Task details
All of the records below are to be printed exactly; the pictures are to be left out.

Excerpted data
*****

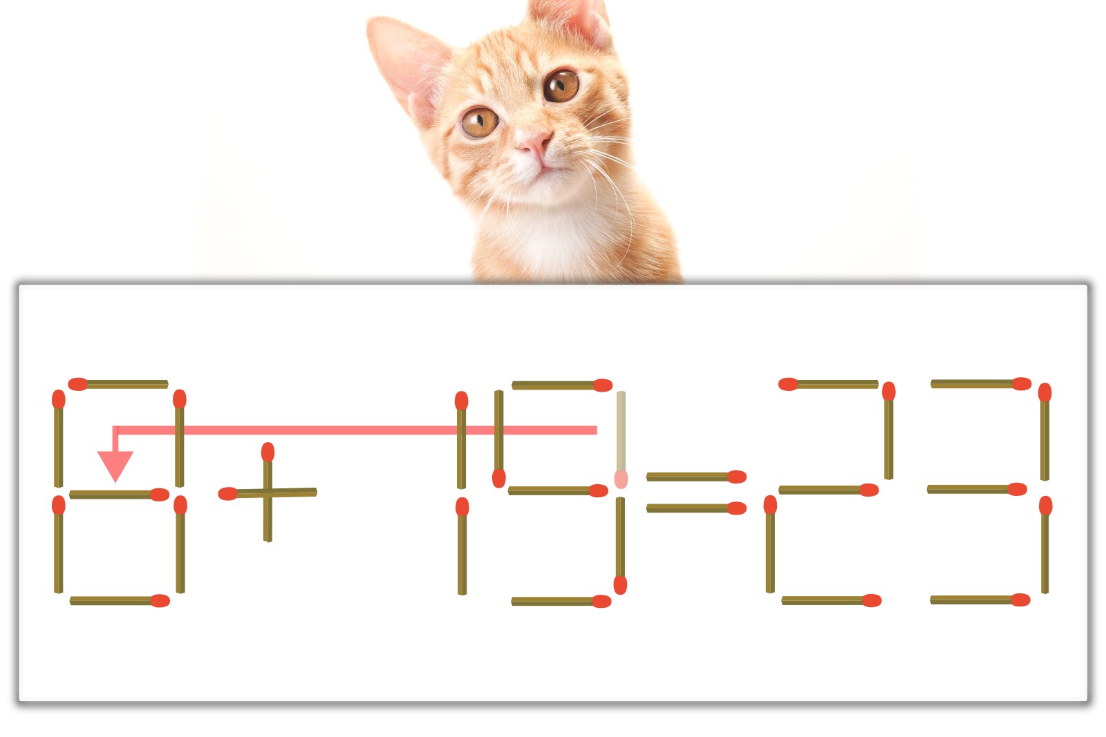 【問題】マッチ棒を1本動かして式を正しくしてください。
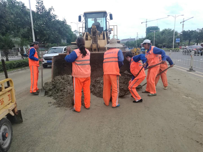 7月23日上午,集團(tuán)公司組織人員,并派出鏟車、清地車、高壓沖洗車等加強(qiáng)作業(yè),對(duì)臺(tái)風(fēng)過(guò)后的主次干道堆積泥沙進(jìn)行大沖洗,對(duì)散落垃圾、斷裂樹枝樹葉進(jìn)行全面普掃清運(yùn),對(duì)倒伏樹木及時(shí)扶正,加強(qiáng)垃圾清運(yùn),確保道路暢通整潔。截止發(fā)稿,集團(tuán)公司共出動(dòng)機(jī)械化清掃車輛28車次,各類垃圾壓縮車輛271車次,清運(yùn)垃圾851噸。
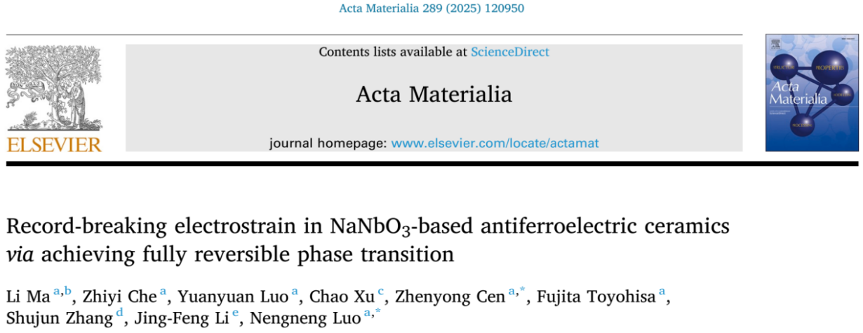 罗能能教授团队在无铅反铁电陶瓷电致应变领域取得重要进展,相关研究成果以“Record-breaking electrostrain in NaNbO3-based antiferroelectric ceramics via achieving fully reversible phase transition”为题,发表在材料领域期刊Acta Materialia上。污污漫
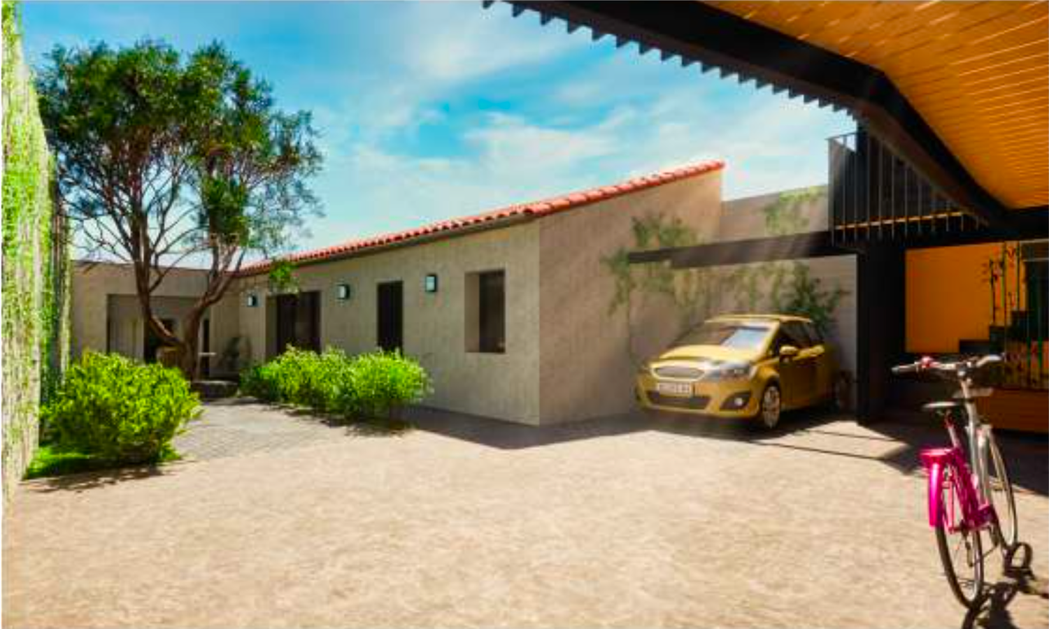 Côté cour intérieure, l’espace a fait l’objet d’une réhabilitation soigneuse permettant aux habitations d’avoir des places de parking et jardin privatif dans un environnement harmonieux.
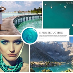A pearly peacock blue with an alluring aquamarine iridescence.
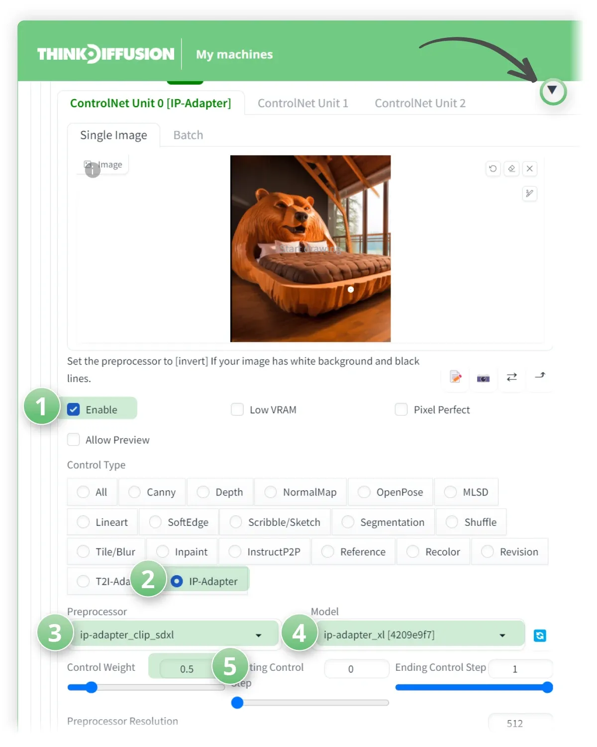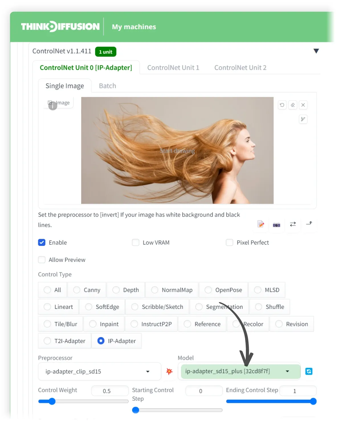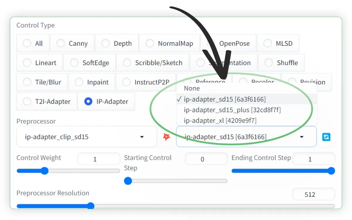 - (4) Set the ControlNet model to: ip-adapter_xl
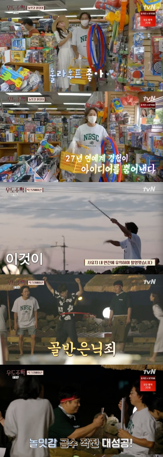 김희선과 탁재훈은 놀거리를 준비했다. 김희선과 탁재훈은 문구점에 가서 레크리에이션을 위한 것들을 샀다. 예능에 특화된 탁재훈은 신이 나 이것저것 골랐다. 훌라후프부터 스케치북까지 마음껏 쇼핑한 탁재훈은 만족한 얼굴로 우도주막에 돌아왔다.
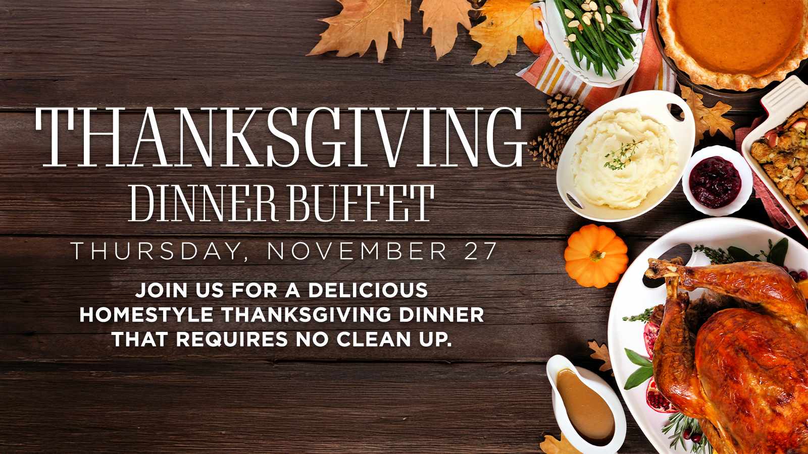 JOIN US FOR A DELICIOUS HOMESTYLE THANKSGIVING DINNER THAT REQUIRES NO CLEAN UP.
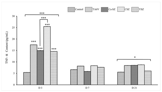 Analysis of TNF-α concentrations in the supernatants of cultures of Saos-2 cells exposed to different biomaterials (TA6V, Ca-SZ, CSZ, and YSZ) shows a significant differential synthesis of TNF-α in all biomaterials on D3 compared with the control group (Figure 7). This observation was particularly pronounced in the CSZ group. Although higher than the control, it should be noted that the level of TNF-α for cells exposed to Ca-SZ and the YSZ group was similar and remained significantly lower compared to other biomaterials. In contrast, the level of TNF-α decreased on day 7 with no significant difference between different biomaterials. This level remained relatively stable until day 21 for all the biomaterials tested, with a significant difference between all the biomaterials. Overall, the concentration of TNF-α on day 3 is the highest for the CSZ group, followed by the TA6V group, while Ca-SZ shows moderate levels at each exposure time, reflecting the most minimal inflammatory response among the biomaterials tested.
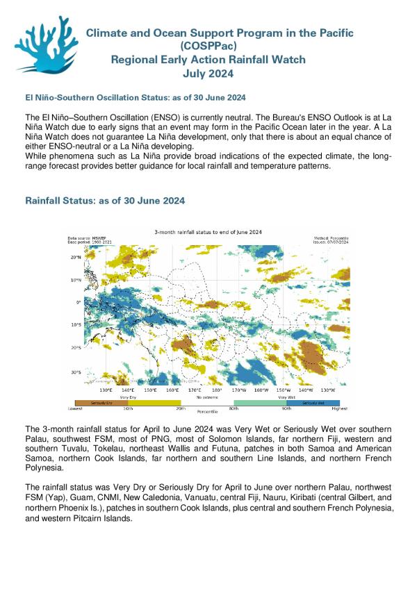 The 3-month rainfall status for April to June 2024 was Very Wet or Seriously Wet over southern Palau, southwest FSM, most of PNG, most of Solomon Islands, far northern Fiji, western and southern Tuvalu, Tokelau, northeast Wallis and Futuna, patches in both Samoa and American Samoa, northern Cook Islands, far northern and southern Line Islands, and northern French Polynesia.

*****

Result
 【問題】マッチ棒を1本動かして式を正しくしてください。
 7月23日上午,集團(tuán)公司組織人員,并派出鏟車、清地車、高壓沖洗車等加強(qiáng)作業(yè),對(duì)臺(tái)風(fēng)過(guò)后的主次干道堆積泥沙進(jìn)行大沖洗,對(duì)散落垃圾、斷裂樹枝樹葉進(jìn)行全面普掃清運(yùn),對(duì)倒伏樹木及時(shí)扶正,加強(qiáng)垃圾清運(yùn),確保道路暢通整潔。截止發(fā)稿,集團(tuán)公司共出動(dòng)機(jī)械化清掃車輛28車次,各類垃圾壓縮車輛271車次,清運(yùn)垃圾851噸。
 罗能能教授团队在无铅反铁电陶瓷电致应变领域取得重要进展,相关研究成果以“Record-breaking electrostrain in NaNbO3-based antiferroelectric ceramics via achieving fully reversible phase transition”为题,发表在材料领域期刊Acta Materialia上。污污漫
 Côté cour intérieure, l’espace a fait l’objet d’une réhabilitation soigneuse permettant aux habitations d’avoir des places de parking et jardin privatif dans un environnement harmonieux.
A pearly peacock blue with an alluring aquamarine iridescence.
 - (4) Set the ControlNet model to: ip-adapter_xl
 김희선과 탁재훈은 놀거리를 준비했다. 김희선과 탁재훈은 문구점에 가서 레크리에이션을 위한 것들을 샀다. 예능에 특화된 탁재훈은 신이 나 이것저것 골랐다. 훌라후프부터 스케치북까지 마음껏 쇼핑한 탁재훈은 만족한 얼굴로 우도주막에 돌아왔다.
 JOIN US FOR A DELICIOUS HOMESTYLE THANKSGIVING DINNER THAT REQUIRES NO CLEAN UP.
 Analysis of TNF-α concentrations in the supernatants of cultures of Saos-2 cells exposed to different biomaterials (TA6V, Ca-SZ, CSZ, and YSZ) shows a significant differential synthesis of TNF-α in all biomaterials on D3 compared with the control group (Figure 7). This observation was particularly pronounced in the CSZ group. Although higher than the control, it should be noted that the level of TNF-α for cells exposed to Ca-SZ and the YSZ group was similar and remained significantly lower compared to other biomaterials. In contrast, the level of TNF-α decreased on day 7 with no significant difference between different biomaterials. This level remained relatively stable until day 21 for all the biomaterials tested, with a significant difference between all the biomaterials. Overall, the concentration of TNF-α on day 3 is the highest for the CSZ group, followed by the TA6V group, while Ca-SZ shows moderate levels at each exposure time, reflecting the most minimal inflammatory response among the biomaterials tested.
 The 3-month rainfall status for April to June 2024 was Very Wet or Seriously Wet over southern Palau, southwest FSM, most of PNG, most of Solomon Islands, far northern Fiji, western and southern Tuvalu, Tokelau, northeast Wallis and Futuna, patches in both Samoa and American Samoa, northern Cook Islands, far northern and southern Line Islands, and northern French Polynesia.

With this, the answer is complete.